People only have a few days left to take advantage of purchasing first-class and second-class stamps before the price increase takes effect on April 3. Royal Mail said the price will rise by up to 16% - the most they have ever hiked up the cost of stamps.
This means, a first-class stamp will now cost £1.10 from 95p, breaking the £1 barrier for the first time. Meanwhile, a second-class stamp will also increase from 68p to 75p, which is an increase of just over 10%.
In an announcement made earlier this month, Royal Mail said the increases were needed to ensure the universal service, which means letter delivery costs the same irrespective of distance, “remains sustainable”. Its decision follows a 25% decline in letters since the pandemic.
Royal Mail said it remained committed to the universal service but that costs were increasing as “customer behaviours change”. It has asked the government to reduce its obligation to deliver letters six days a week, to five days.
Nick Landon, chief commercial officer at Royal Mail, said: “We appreciate that many businesses and households are facing a challenging economic environment and we are committed to keeping our prices affordable.
“We have to carefully balance our pricing against a continued decline in letter volumes and the increasing costs of delivering letters six days a week to an ever-growing number of addresses across the country.”
The move however has met with widespread criticism, with charity Citizens Advice saying it could not come at a worse time for consumers hit by the soaring food and energy bills owing to the cost of living crisis.
Matthew Upton, director of policy at Citizens Advice, said the higher cost of stamps came as many consumers endured postal delays.

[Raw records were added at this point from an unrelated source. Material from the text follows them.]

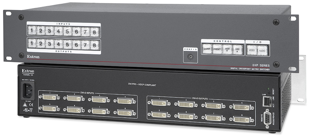 8 x 8 avec Key minder et EDID minder, reclockage automatique en sortie.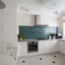 La finition du mur au-dessus de la zone de travail doit consister en des matériaux soigneusement sélectionnés et de haute qualité, comme la céramique, la pierre naturelle ou le verre résistant à la chaleur. Cet article est très important, car le papier peint ordinaire à cet endroit est impraticable.
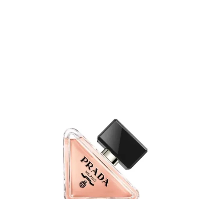 Encapsulant l’essence même de Prada, le flacon rechargeable Paradoxe réinvente le code iconique de la marque : son logo triangle. Décalée, mais puissamment ancrée, la silhouette radicale de la bouteille est adoucie par des angles arrondis, tandis que la délicate couleur rose corail du parfum contraste avec le noir profond du capot et du blason Prada.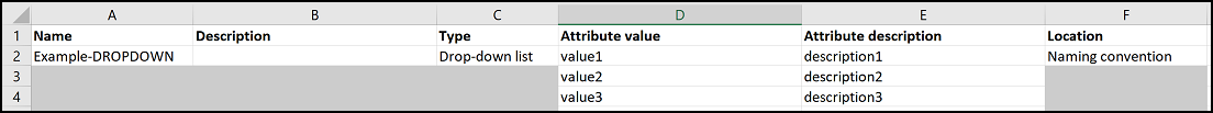 Drop-down attributes: You can also add attribute values and a description for each attribute value.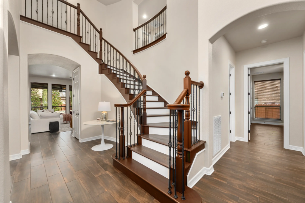 From the moment you step into the light-filled foyer, complete with soaring ceilings, rich wood accents, and a curved engineered hardwood staircase with iron and wood bannister, you’ll notice the attention to detail and designer upgrades throughout. The home features wood-look tile flooring downstairs, creating a warm and sophisticated foundation for daily living.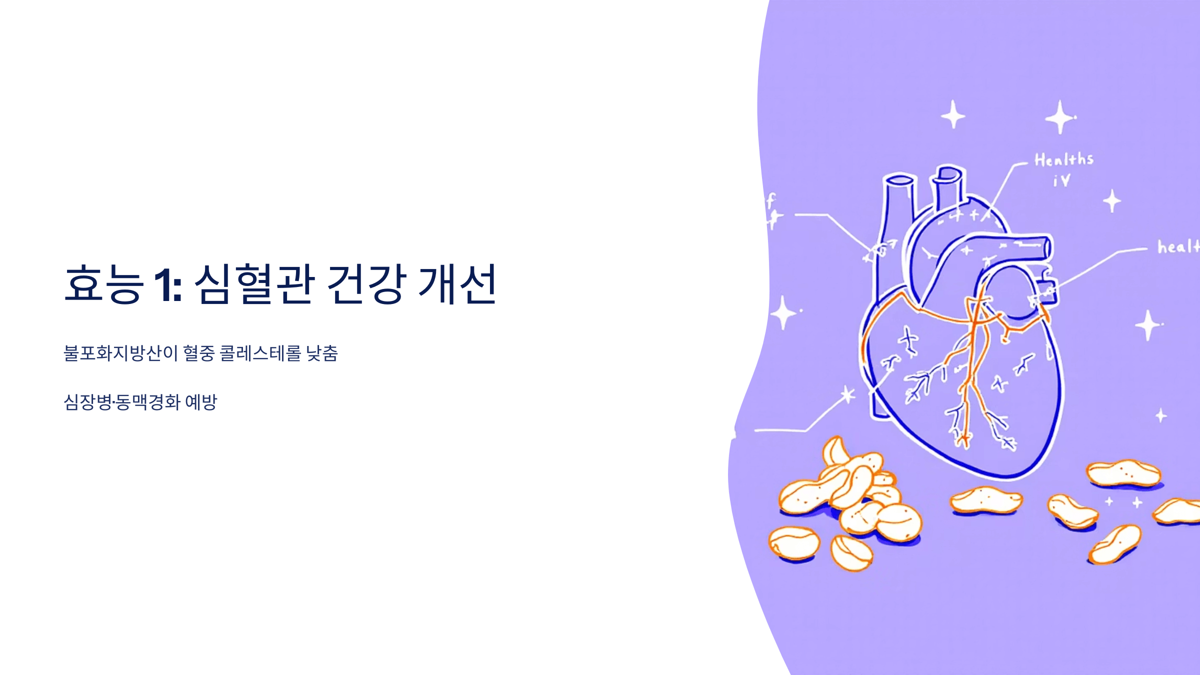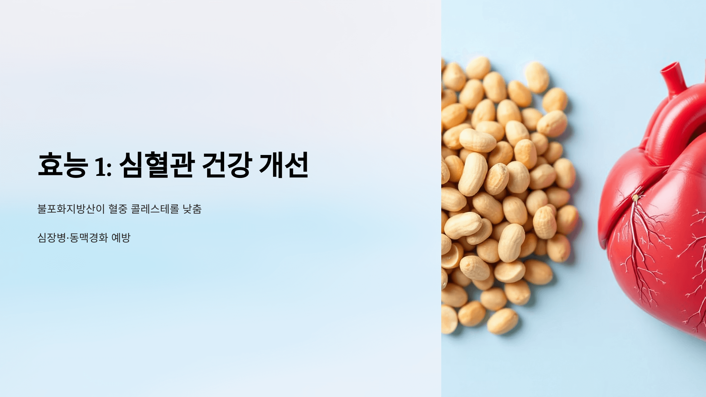 땅콩에 풍부한 불포화지방산(올레산, 리놀레산)은 혈관 내 나쁜 콜레스테롤(LDL)을 줄이고 좋은 콜레스테롤(HDL)을 높여, 땅콩 섭취는 혈관 건강과 심장 보호에 도움이 됩니다.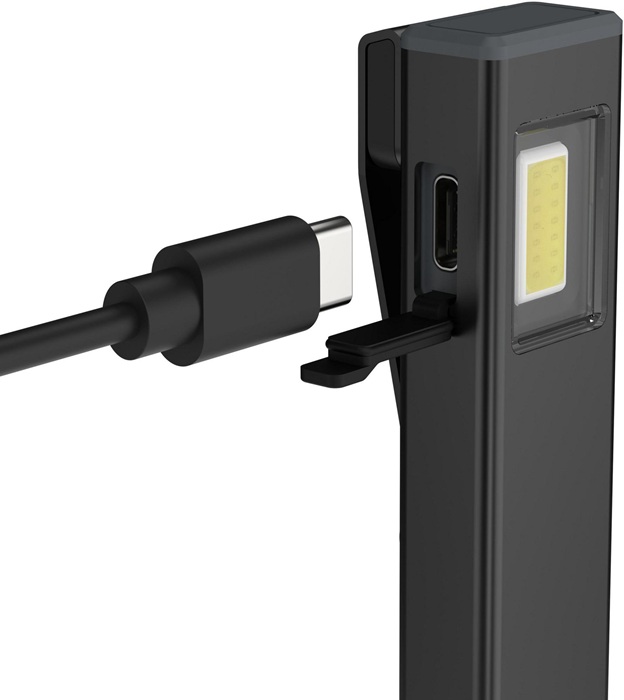 wiederaufladbare handliche Profi-Stiftleuchte · erzeugt eine Helligkeit von bis zu 500 lm durch den Einsatz der COB-LED Technologie · die Leuchte kann mittels Knopfdruck in drei Helligkeitsstufen eingestellt werden · kurzzeitig Boost-Funktion möglich · Fixierung der Leuchte durch Magente auf der Rück- und Unterseite · Leuchtdauer bis zu 3h · Aufladung erfolgt über das mitgelieferte USB Type-C-Ladekabel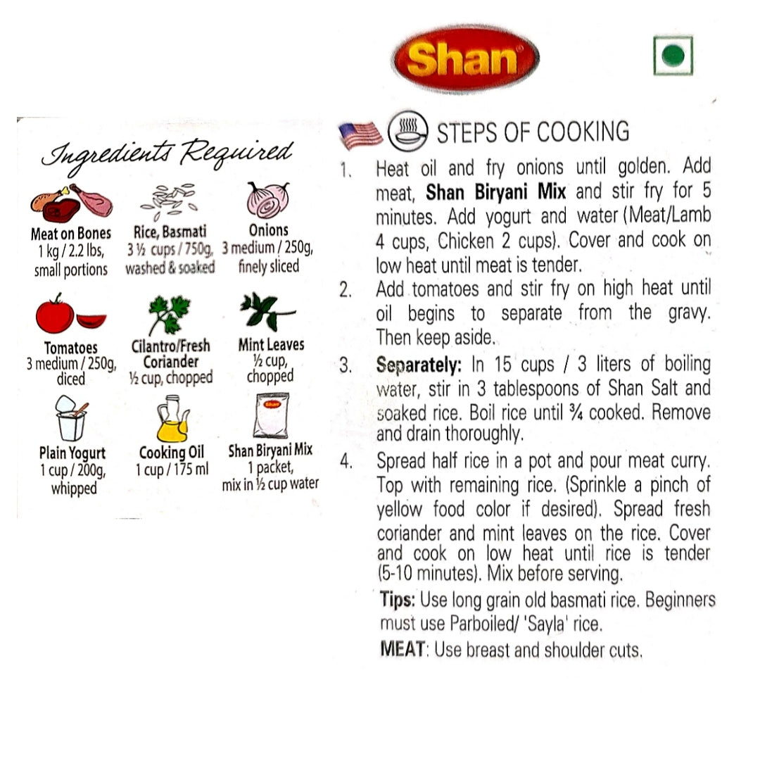 1. Heat oil and fry onions until golden. Add meat, Shan Biryani Mix and stir fry for 5 minutes. Add yogurt and water (Lamb 4 cups, Chicken 2 cups). Cover and cook on low heat until meat is tender.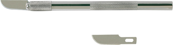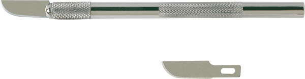 Schablonenmesser aus Leichtmetall inkl. Schutzkappe. Klinge mit beidseitig rundem Schliff zum Ausschneiden von schwierigen Formen (z. B. für Grafik und Beruf) aus Papier, Karton, Folie, Linoleum und ähnlichen Materialien. Inkl. zwei Rundschliff-Ersatzklingen. Länge 121 mm, Ø 8 mm.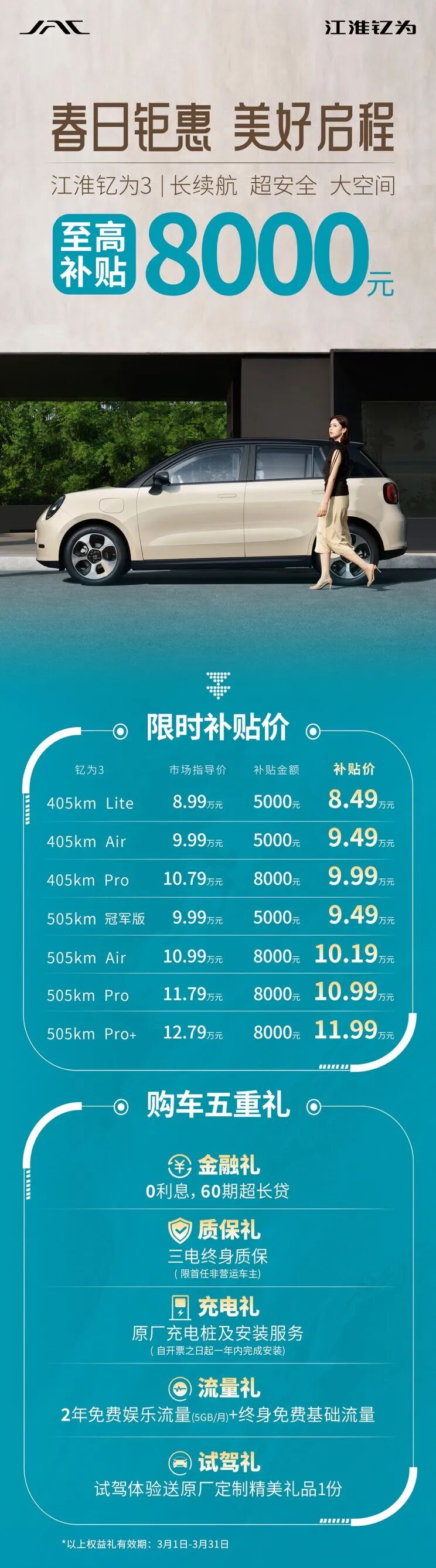 3月4日,我们从官方了解到,定位为纯电动小型车的江淮钇为3开启限时优惠,至高补贴8000元。补贴后售价为8.49-11.99万元。新车与欧拉好猫、比亚迪海豚等车型展开竞争。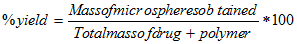 After drying the obtained microspheres were weighed accurately. The % yield was determined by using the following formula: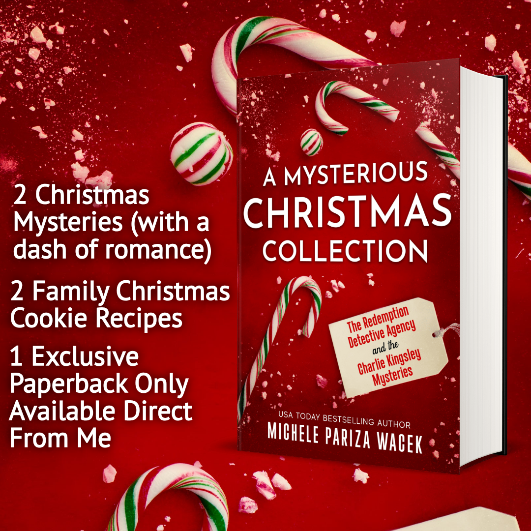 In this charming Christmas cozy mystery exclusive paperback edition, you get not one but TWO Christmas mysteries–one from the Charlie Kingsley Mystery series (Secret Santa Murder) and one from The Redemption Detective Agency (The Mysterious Case of the Dead Elf). Includes 2 family Christmas cookie recipes!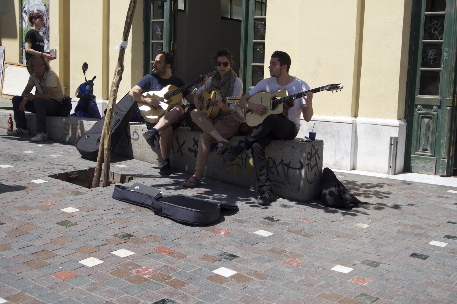 Nothing however seems to dent that Greek spirit of – lets enjoy the moment. Here are some bouzouki players who were outside the metro station strumming away.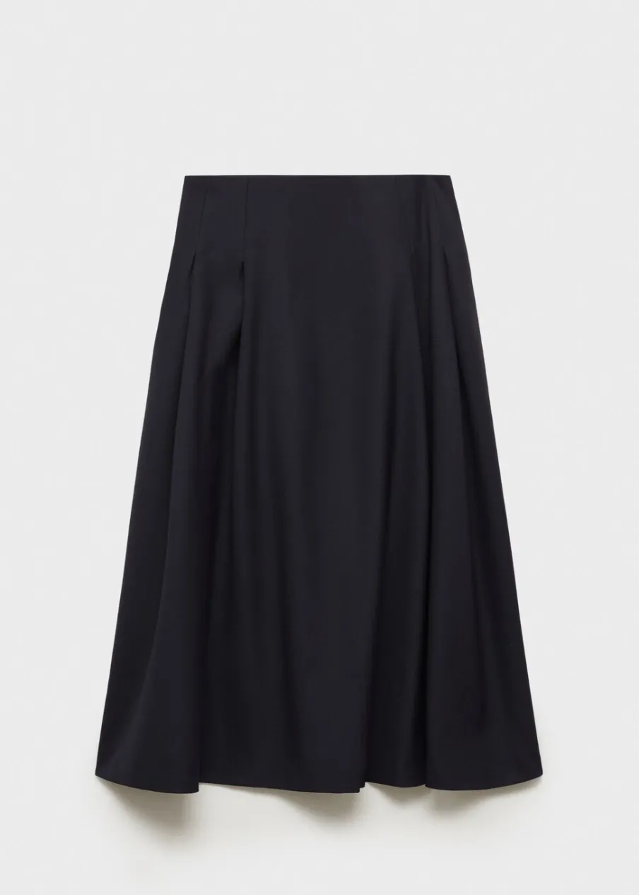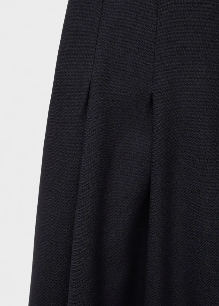Lejąca tkanina. Model długi. Model evasé. Dwie kieszenie boczne. Zapięcie na suwak i haftkę. Detal z zakładkami. Total look. Modelka ma 178 cm wzrostu i nosi rozmiar S/36.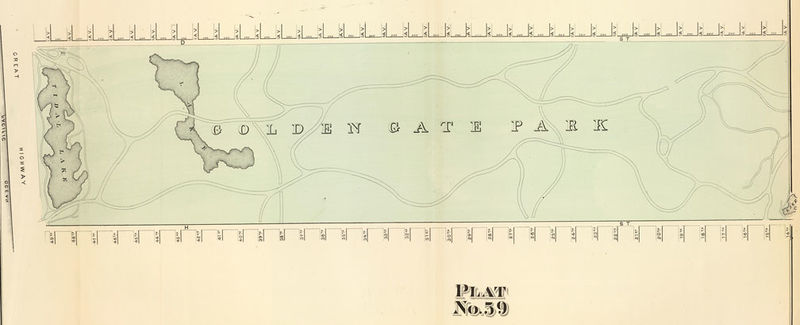 Eastern end of Golden Gate Park, 1876, with large-ish lake at site of the Sharon Children's Playground, later filled in. Original Big Four cemeteries visible at upper right.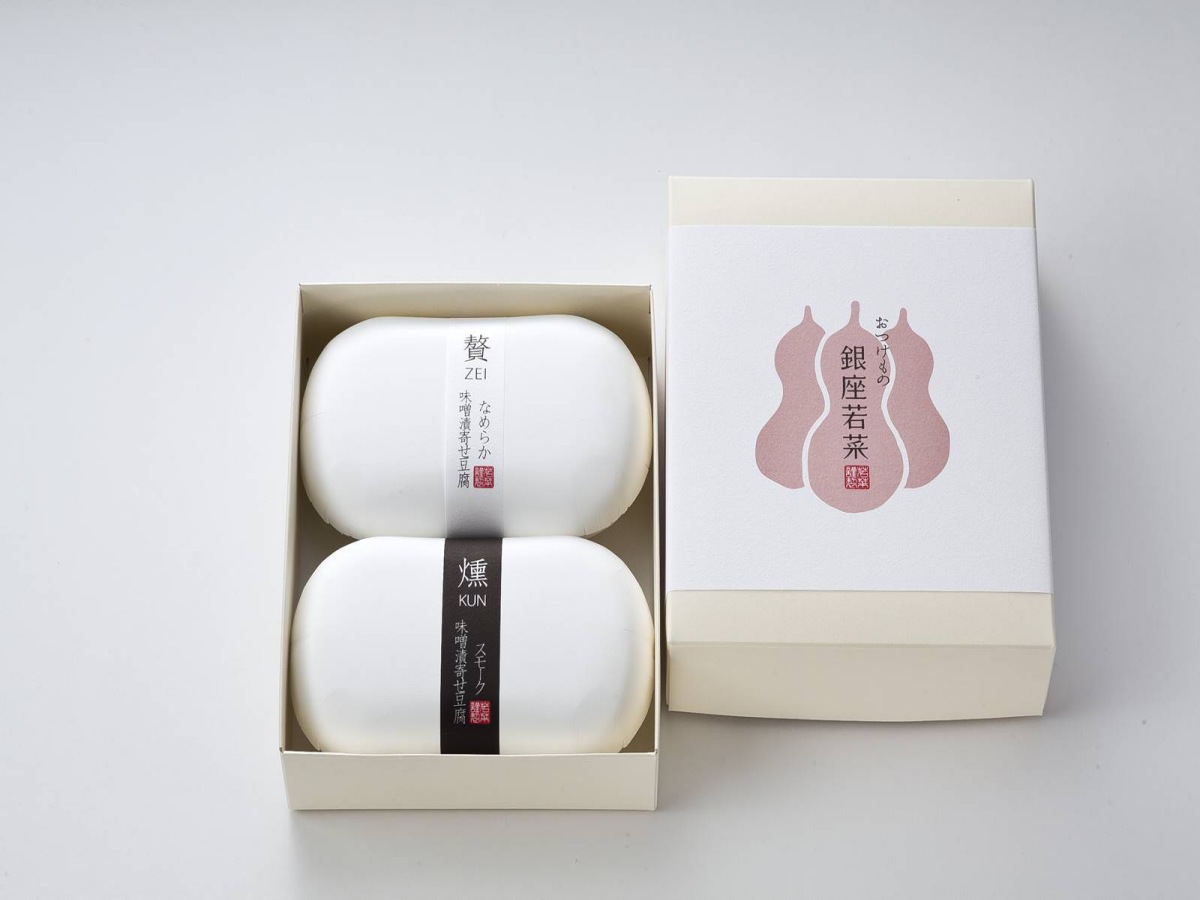 年配の方や目上の方への手土産は、きちんと感のあるものを贈りたい。そんなときにおすすめなのが銀座に本店を構える漬物専門店「銀座若菜(ぎんざわかな)」の1日100個限定の「味噌漬寄せ豆腐」。甘くないので、お酒のおつまみにもぴったりですよ。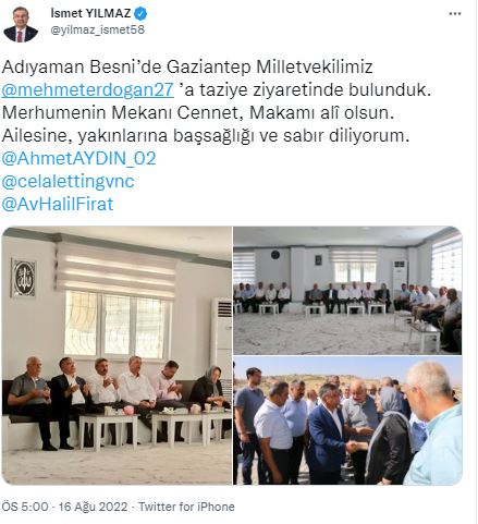 AK Parti Grup Başkanvekili ve Sivas Milletvekili İsmet Yılmaz Adıyaman Besni’de bulunan AK Parti Gaziantep Milletvekili Mehmet Erdoğan'a taziye ziyaretinde bulundu.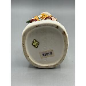 Offering an Otagiri Japan Christmas mouse bud vase. The vase is in very good pre-owned condition, with no visible chips or cracks. The poinsettia bouquet is included.

He said: “These record-breaking prices couldn’t be coming at a worse time for consumers, who’ll now be paying 64% more for a first class stamp than five years ago.
“Almost one in five people are already struggling with current prices for second class stamps. Royal Mail is choosing to hike prices at a time when millions are missing important letters, thanks to post delays. Nobody should be paying more for this kind of sub-par service.”
Research by Citizens Advice found that 60% of UK adults have experienced letter delays, with 6.2 million people missing important mail last Christmas, such as health appointment letters.